LB-152

Targeted therapy represents a novel regimen of caner management, which is exemplified by a new generation of anti-kinase drugs. These drugs specifically inhibit a kinase or multiple kinases that play critical roles in cancer development and advance. While the advantages of targeted therapy are obvious, such therapy often relapses and results in drug resistance for advanced cancers. Unraveling anti-kinase drug resistance mechanisms would facilitate novel drug development and in turn better understanding of drug cytotoxicity. The MS-based phosphoproteomic technologies provide novel approaches to the identification of phosphosignatures unique to a specific type or subtype of cancer and drug responsive biomarkers for personalized therapy. In this study, the phosphoproteome of trastuzumab resistant human breast cancer JIMT-1 cells was analyzed using improved titanium dioxide (TiO2) phosphopeptide enrichment and electron transfer dissociation (ETD) and collision-induced dissociation (CID) mass spectrometry.
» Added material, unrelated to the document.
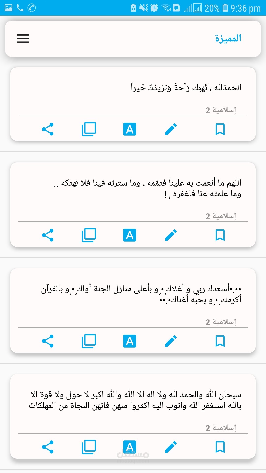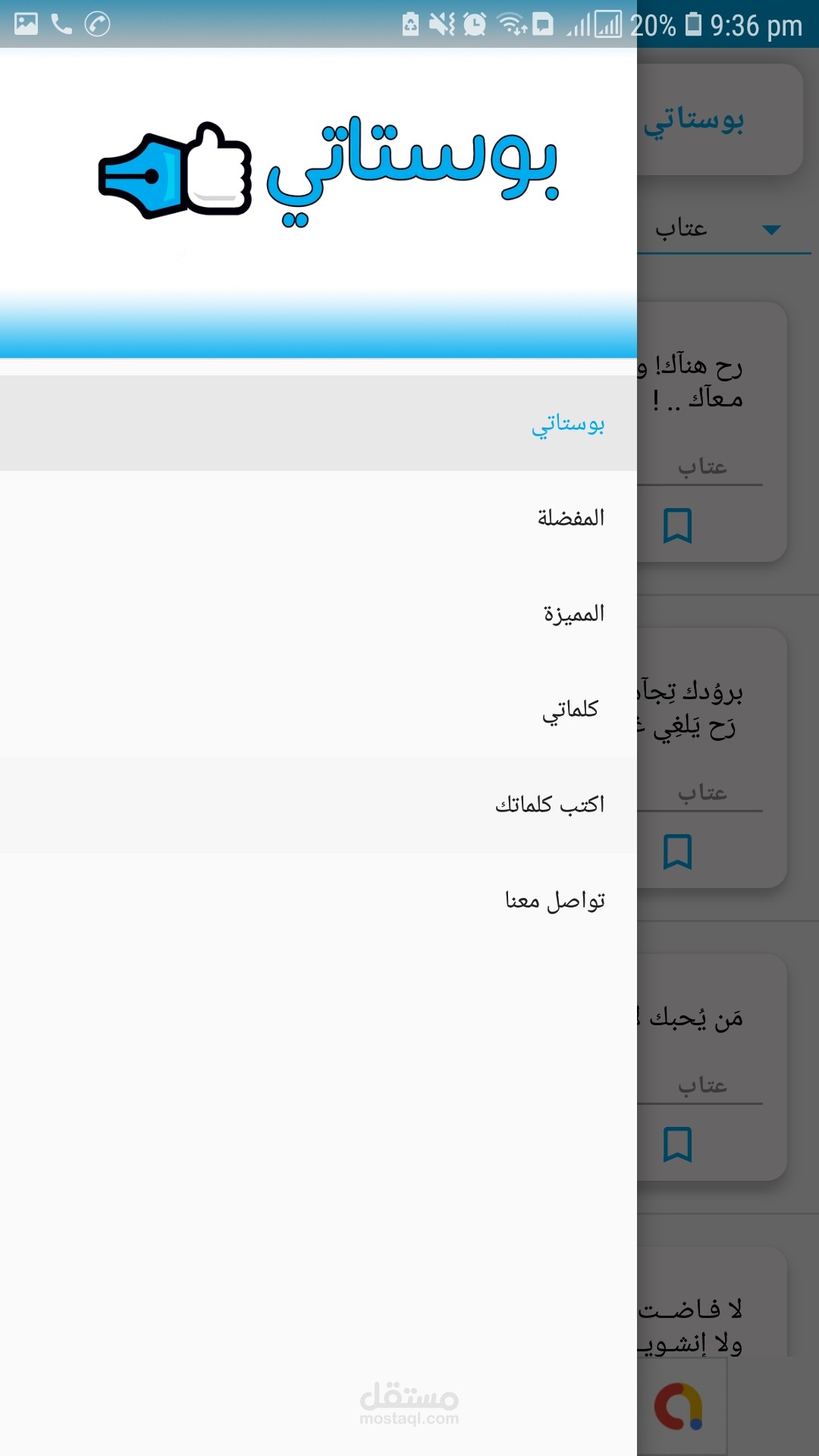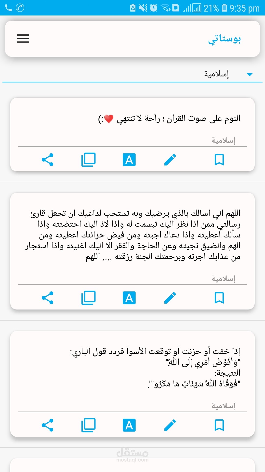 تطبيق Myposts ، يعرض مجموعة كبيرة ومتنوعة من الجمل والرسائل والحالات ، باللغة العربية فقط ، يمكن تعديله على المنشور (إضافة أو حذف) ، يمكن تعيين لون الخلفية للمنشور ، ويمكن إضافة بعض الزخارف بين الكلمات ، يوفر التطبيق القدرة على مشاركة المنشور مع تطبيقات الشبكات الاجتماعية ، كما يوفر واجهة خاصة للرسائل التي يكتبها أنتا ويحفظها داخل التطبيق ، وما يقع عليه يتم على رسائل أخرى ، وهناك واجهة خاصة لإحصائيات المشاركة المفضلة ، وكذلك مميزة.

High specific phosphopeptide enrichment was achieved using TiO2 columns in combination with improved peptide methylation technique, which resulted in identification of hundreds of phosphoproteins from one-dimensional LC-MS/MS analysis. Many phosphoproteins related to breast cancer development, such as rhabdomyosarcoma antigen MU-RMS-40.12, Src substrate cortactin and epidermal growth factor receptor substrate 15-like 1 (Eps15L1 or Eps15R), were detected. Particularly, the protein Eps15R is a tyrosine kinase substrat that has the ability to bind to the clathrin adaptor protein complex adaptor protein 2. Studies have demonstrated that Eps15R is an essential component of the endocytic machinery and play important roles in EGFR ligand internalization. Although more studies should be conducted to investigate whether such proteins are involved in trastuzumab resistance of this type of breast cancer cells, the present phosphoproteome analysis provide valuable information and novel insights into the mechanisms of anticancer drug resistance. The views presented in this article do not necessarily reflect those of the Food and Drug Administration.